● **Task instructions**:
Your task is to print all of the data below exactly, with no pictures included.

● **Dataset excerpt**:
=======

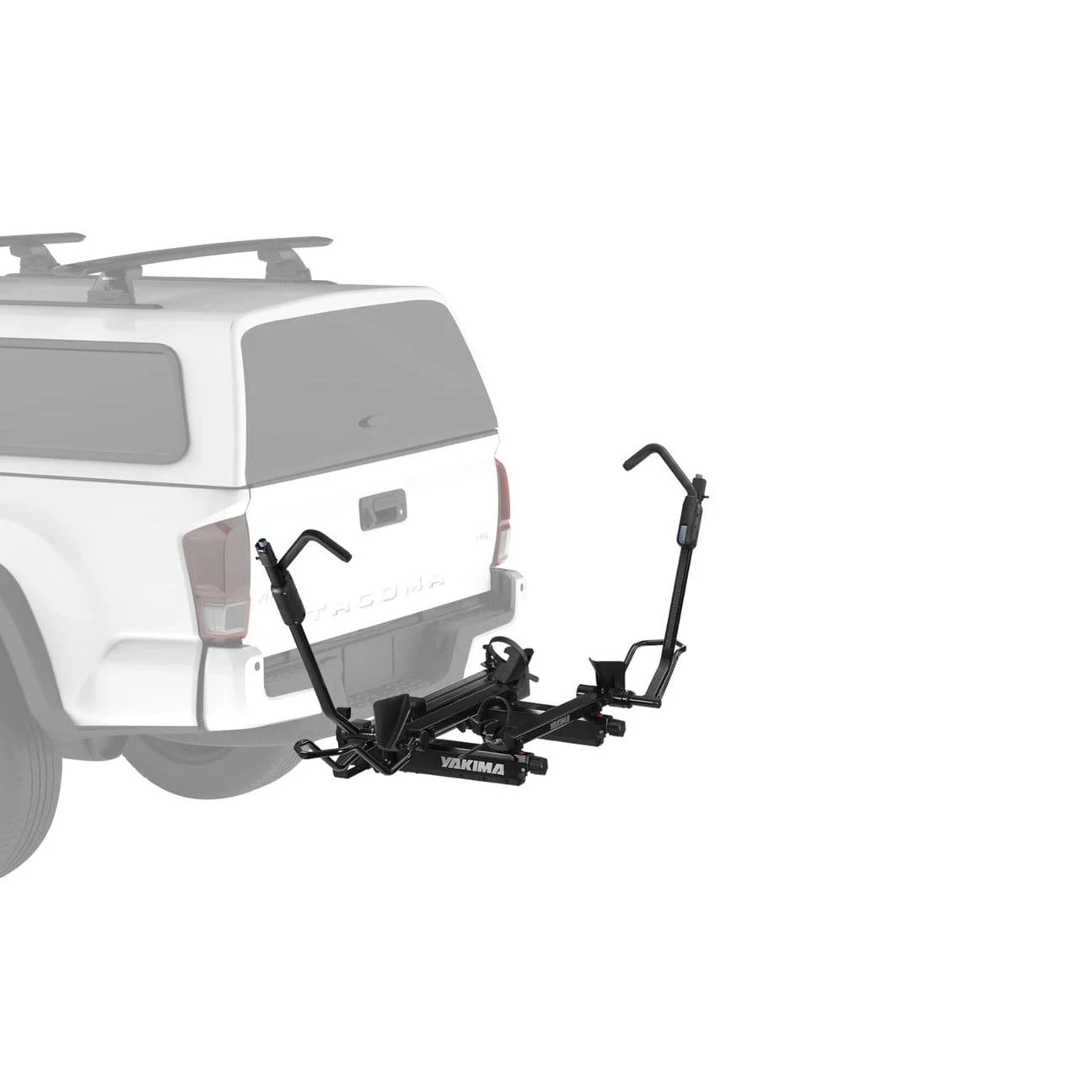 Take your bikes further with the Yakima EXO DoubleUp. Designed to integrate seamlessly with the EXO SwingBase or TopShelf, this heavy-duty 2-bike carrier handles everything from fat tires to carbon road frames without touching the paint.
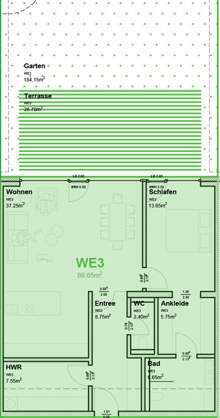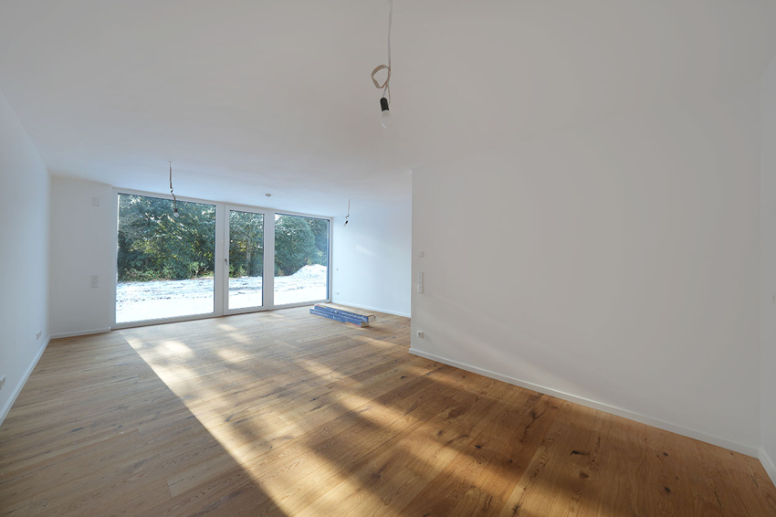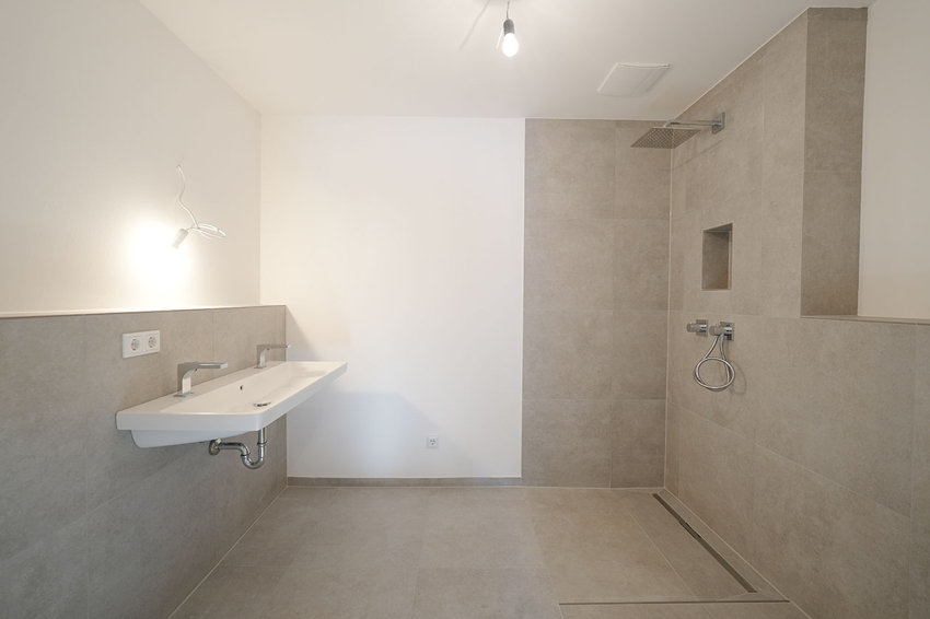 Die üppig grüne Natur auf der Rückseite des Hauses haben Sie von Wohnung 3 immer gut im Blick und können sie als Gartenbesitzer:in sogar aktiv mitgestalten. Zum Glück ist die Rasenfläche nicht riesig und schnell gemäht, so bleibt genug Zeit für ein kleines Sonnenbad oder einen Sundowner-Drink auf Ihrer herrlichen Süd-Terrasse. Das Master-Schlafzimmer ist über eine praktische Ankleide mit dem dahinterliegenden Badezimmer verbunden. Hier endet oder startet der Tag in einer modernen, bodengleichen Ganzglas-Dusche mit Regenwaldbrause.
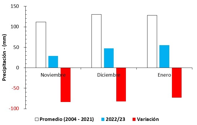 En la Figura 1 se muestra la precipitación promedio acumulada (2004-2021) entre los meses de noviembre a enero, los registros correspondientes al ciclo 2022/23 y su variación.

=======

● **Solved problem**:
 Take your bikes further with the Yakima EXO DoubleUp. Designed to integrate seamlessly with the EXO SwingBase or TopShelf, this heavy-duty 2-bike carrier handles everything from fat tires to carbon road frames without touching the paint.
 Die üppig grüne Natur auf der Rückseite des Hauses haben Sie von Wohnung 3 immer gut im Blick und können sie als Gartenbesitzer:in sogar aktiv mitgestalten. Zum Glück ist die Rasenfläche nicht riesig und schnell gemäht, so bleibt genug Zeit für ein kleines Sonnenbad oder einen Sundowner-Drink auf Ihrer herrlichen Süd-Terrasse. Das Master-Schlafzimmer ist über eine praktische Ankleide mit dem dahinterliegenden Badezimmer verbunden. Hier endet oder startet der Tag in einer modernen, bodengleichen Ganzglas-Dusche mit Regenwaldbrause.
 En la Figura 1 se muestra la precipitación promedio acumulada (2004-2021) entre los meses de noviembre a enero, los registros correspondientes al ciclo 2022/23 y su variación.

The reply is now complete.